Now there are a few cases where the “big picture” is more important than the “little picture”. Civil Rights in the 60’s for example. It’s constitutional rights we’re dealing with and I don’t care if it was a southern issue - as soon as it’s OK to deny someone their rights then it effects EVERY American. Also, with everything intertwined in the US today, there is a certain level of “If it good for America in a holistic sense, then it is good for every American.” Maybe NCLB or UHC falls into this category but I would really like to avoid specific issues. TFSM knows we have enough threads on those.

Combined with this is with the growing federal mandates that cripple states (thank you SCOTUS for Dole v. South Dakota :frowning: ), is it time to reexamine the 17th Amendment and have the Senate to go back to representing state interest in indirectly mine or should we have Senators continue to being directly responsible to voter?

So for the debate: should individual congresspeople vote based on their constituants’ interests or the nation as a whole and should Senators go back to representing states directly?

I’d hesitantly support returning things to it being that a Senator is elected by the state legislature or something to that effect, but I’d want to know if there was any greater reason than raging democratic fervor that brought us to where we are.

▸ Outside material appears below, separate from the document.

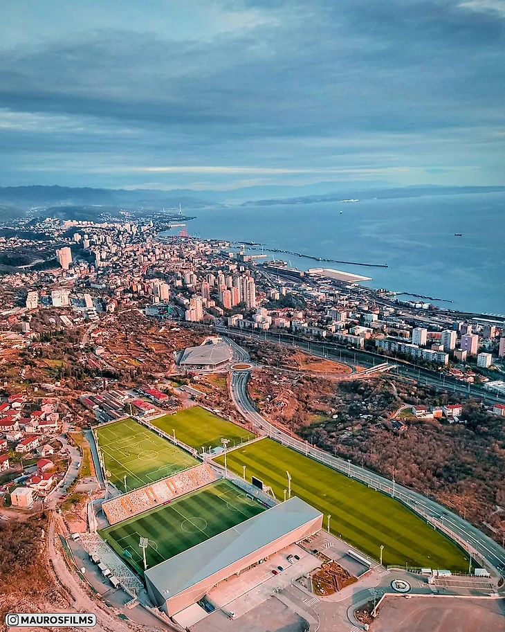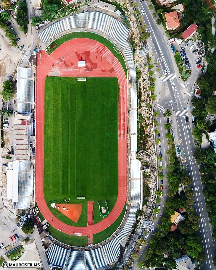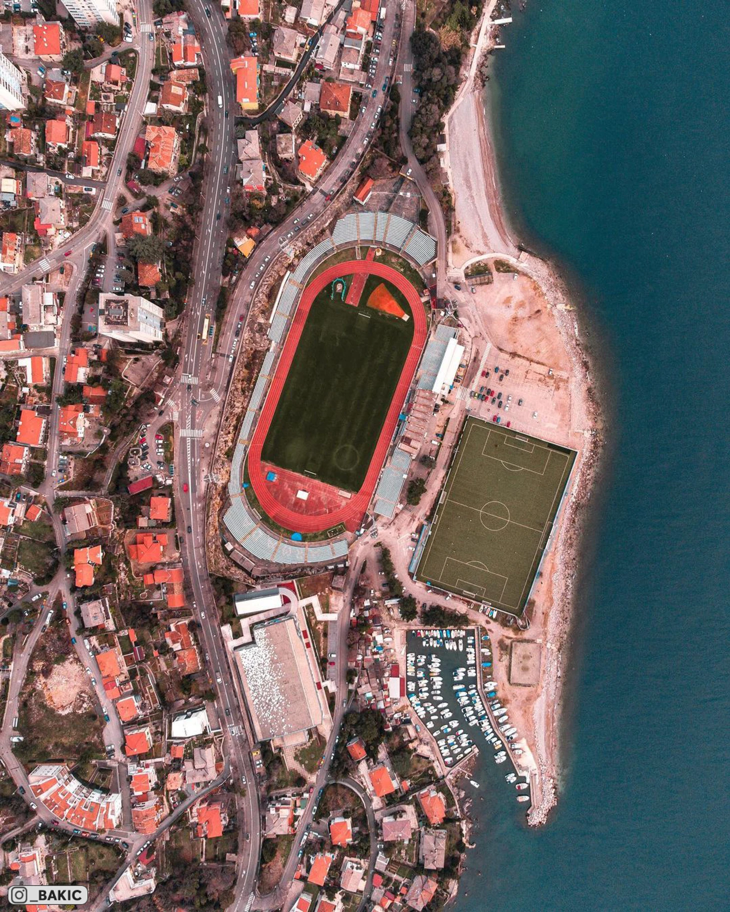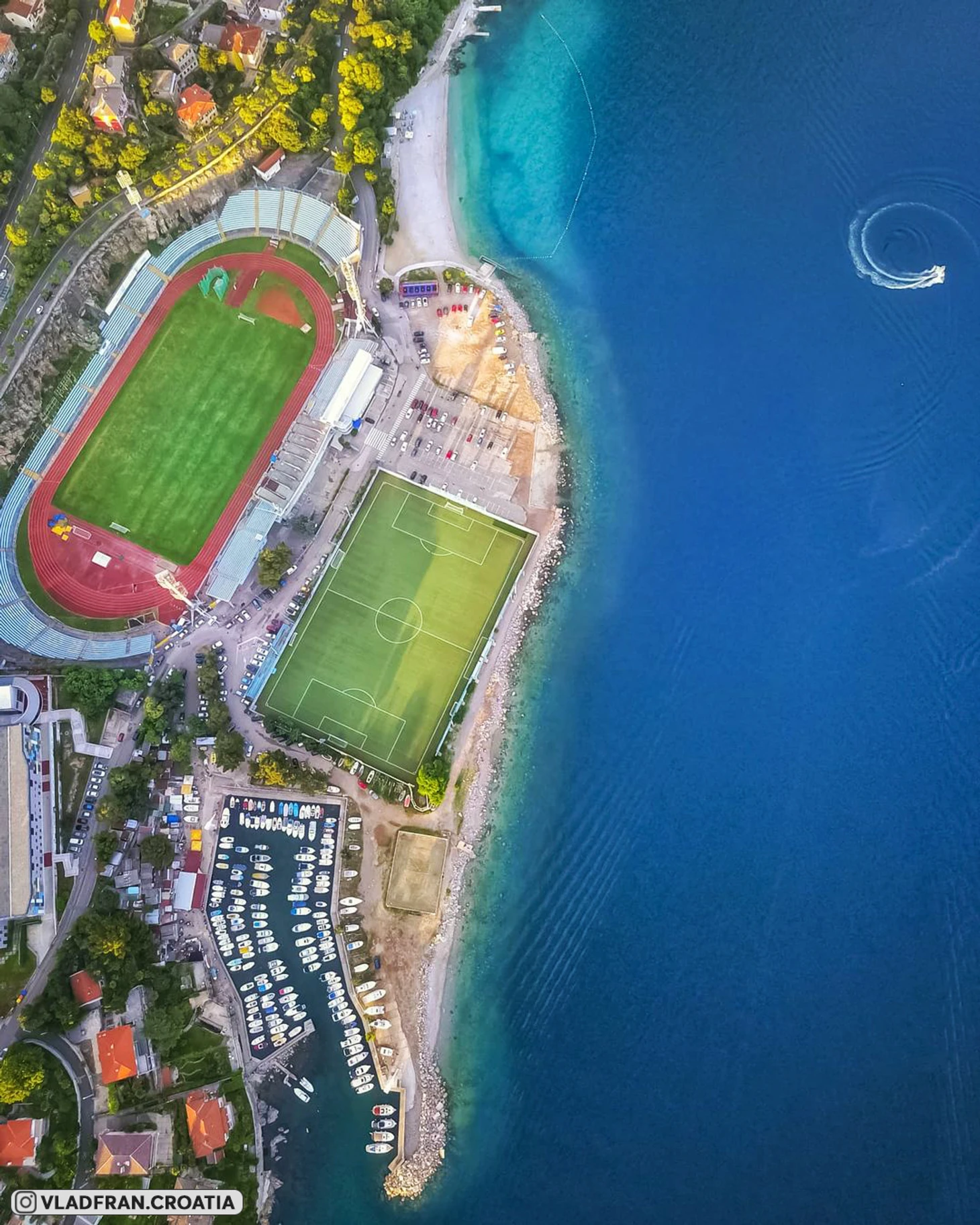 Хорватский стадион «Кантрида». Попадал в списки самых необычных и самых красивых стадионов мира (фото с дронов)

Reading through the Wikipedia article on the 17th Amendment, it looks like the issue was principally that the exact methods of election tended to be murky (possibly purposefully) and it was nearly impossible to make sure that the process was going along without tampering or bribery.

However, parliamentary governments show that one can have an elected official voted for by elected officials and not have it be all that worrisome a process. If whatever the system is that they use were to be adopted, I’d support revoking the 17th Amendment. When you let politicians elect politicians, you have the benefit of personal knowledge. They know how smart and capable the person is, where the general populace really only knows whether he can give a good speech and kiss babies good. If you can keep the process of election clean, you’re probably generally going to end up with a better person.

I’d be for returning Senate to representing the State governments.

I favor repealing the Amendment. There are several good reasons for this.

First, early commentors throughout American history noted that, while certainly partisan, there was more real turnover and flexibility in the Senatorial system, and that Senators were exceptionally capable. They had to be - they were answerable to other politicians directly. This does not mean things were not affected by public opinion, but they were specifically meant to be seperated from public opinion.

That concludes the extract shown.